**Work order**
Pictures must be left out. Retype exactly the lines from the one containing "六 静岡県小学校本科正教員免" through the last line of the records below.

**Records provided**
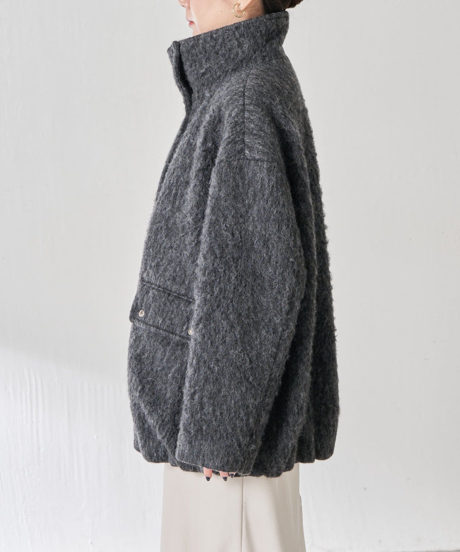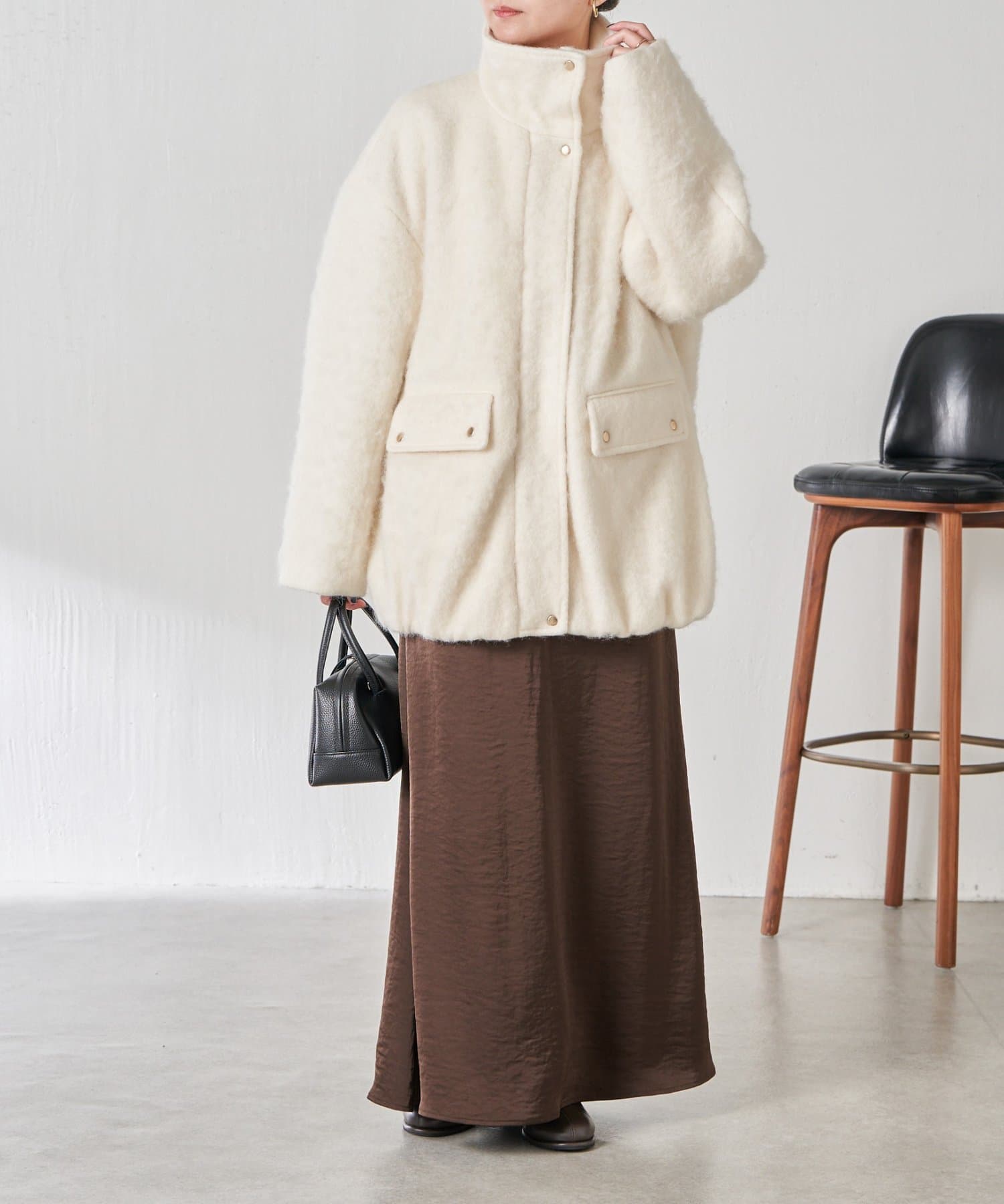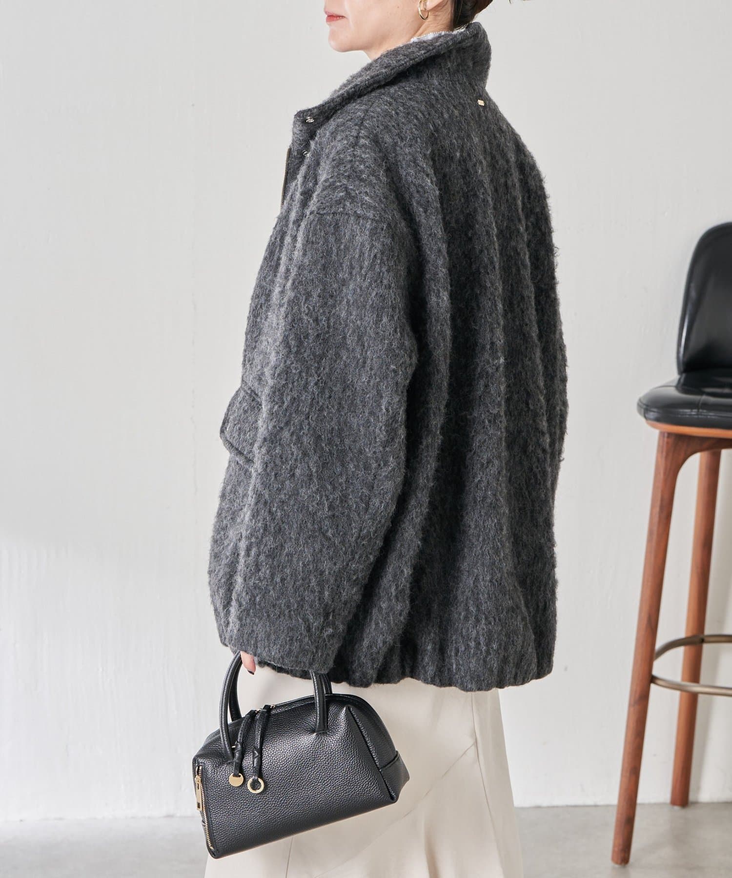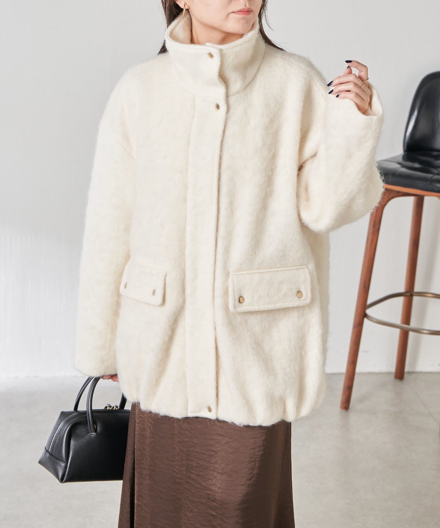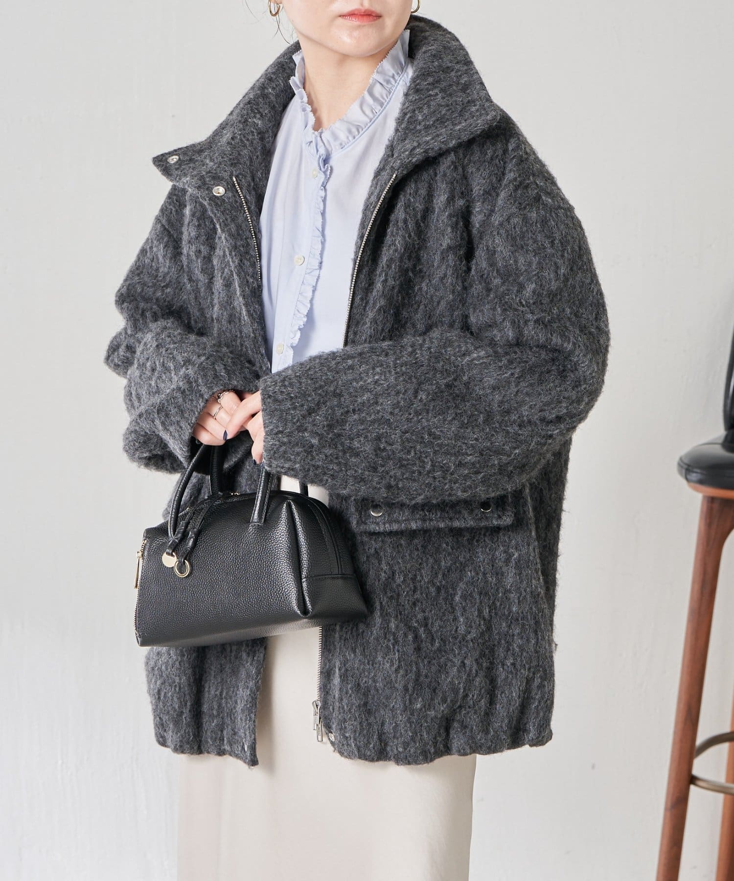 ・女性らしいシャギー素材でブルゾンライクなデザインにすることでカジュアルにも着やすいです。
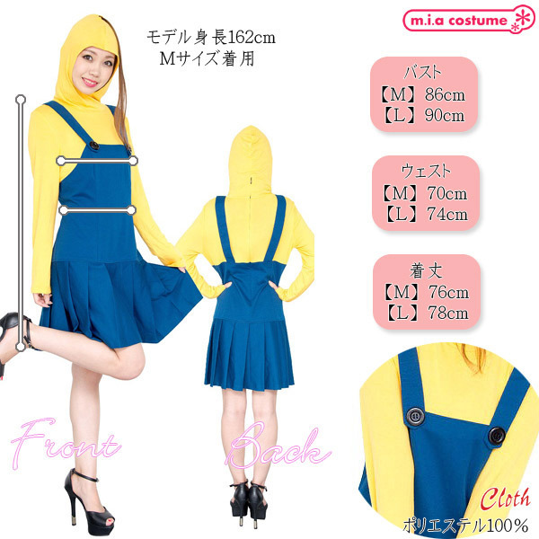 世界中で大人気の某キャラクターを彷彿とさせる可愛い長袖仕様のデニム風一体型ワンピース。フードから髪を出せるユニークなデザインが特徴的!パーティやコスプレイベントほか、テーマパークやハロウィンイベントでお友達と仮装して楽しんでも♪Mサイズ※塩素系漂白剤での漂白は不可、色落ちの可能性があるため、付属品を外し、各単体での手洗い洗濯をお願いいたします。※塩素系漂白剤による漂白不可、洗濯の際はリボンなどの付属品を外し個々単独での手洗いをお願いします、色落ちの可能性があります。※こちらの商品は在庫の状況によりお届けまでに4日〜7日程度かかる場合がございます。
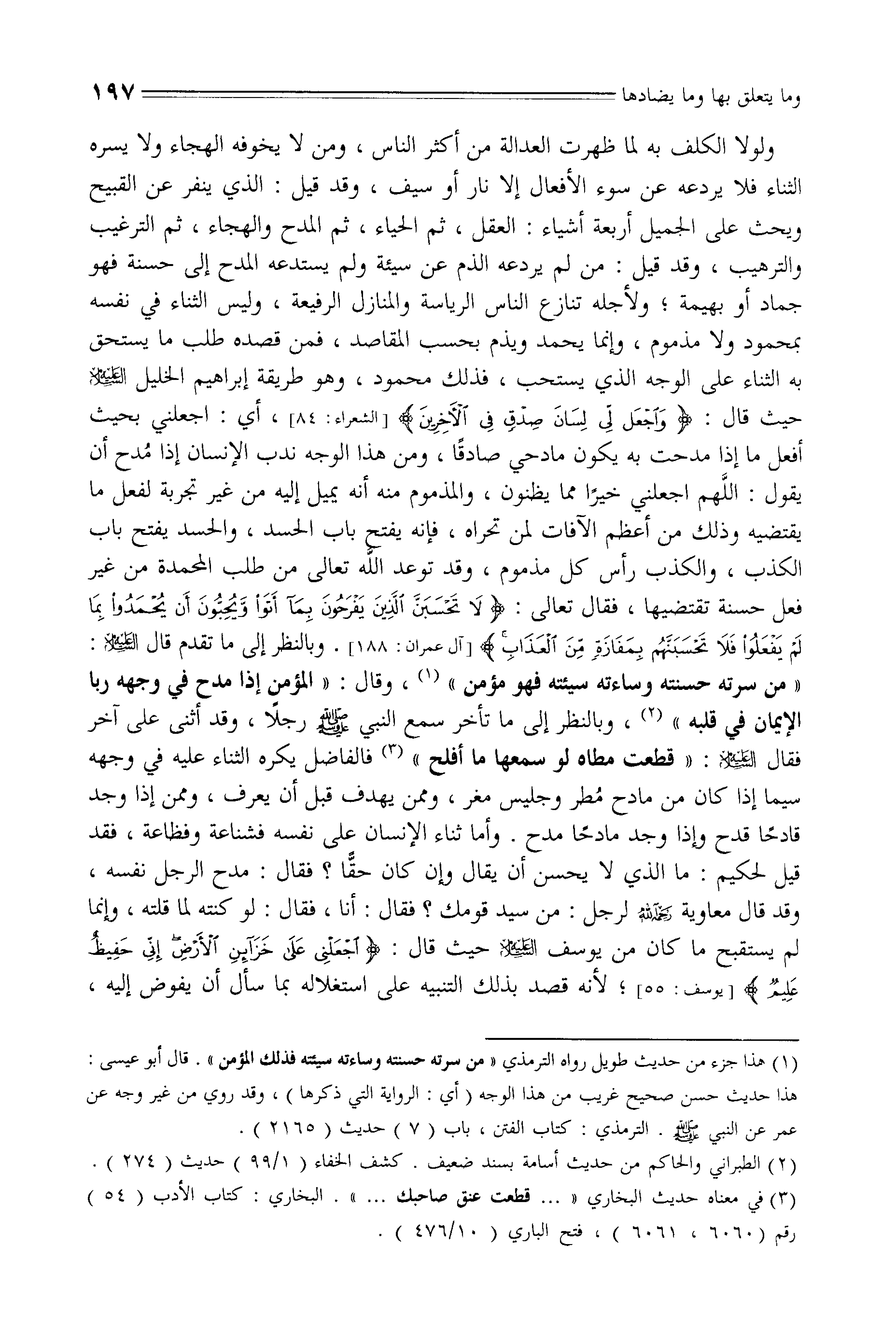 وبالنظر إلى ما تقدم قال - صلى الله عليه وسلم -: " من سرته حسنته وساءته سيئته فهو مؤمن "، وقال: " المؤمن إذا مدح في وجهه ربا
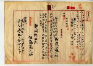 六 静岡県小学校本科正教員免許状ヲ有スル静岡県田方郡中狩野尋常高等小学校訓導兼校長佐藤亀之助(本籍地静岡県田方郡対馬村八幡野・明治一二年二月二六日生・静岡県師範学校卒)ヨリ尋常小学校本科正教員無試験検定出願ニ付キ免許状授与ノ件
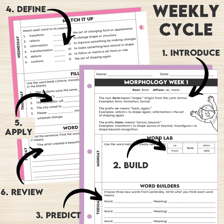 • 40 weeks of daily morphology practice (Monday through Friday activities) designed to teach, reinforce, and spiral key prefixes, roots, and suffixes
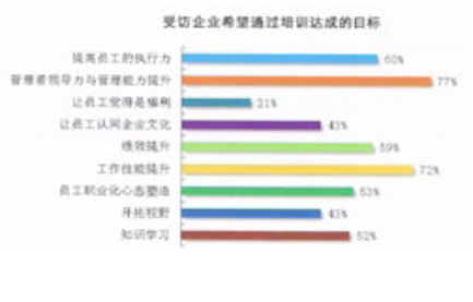 企業希望通過培訓達成的目標整體以學員的能力提高和績效提升為核心,也有43%的企業希望通過培訓讓員工認同企業的文化,有21%的企業將培訓定義為員工福利。

**Output below**
 六 静岡県小学校本科正教員免許状ヲ有スル静岡県田方郡中狩野尋常高等小学校訓導兼校長佐藤亀之助(本籍地静岡県田方郡対馬村八幡野・明治一二年二月二六日生・静岡県師範学校卒)ヨリ尋常小学校本科正教員無試験検定出願ニ付キ免許状授与ノ件
 • 40 weeks of daily morphology practice (Monday through Friday activities) designed to teach, reinforce, and spiral key prefixes, roots, and suffixes
 企業希望通過培訓達成的目標整體以學員的能力提高和績效提升為核心,也有43%的企業希望通過培訓讓員工認同企業的文化,有21%的企業將培訓定義為員工福利。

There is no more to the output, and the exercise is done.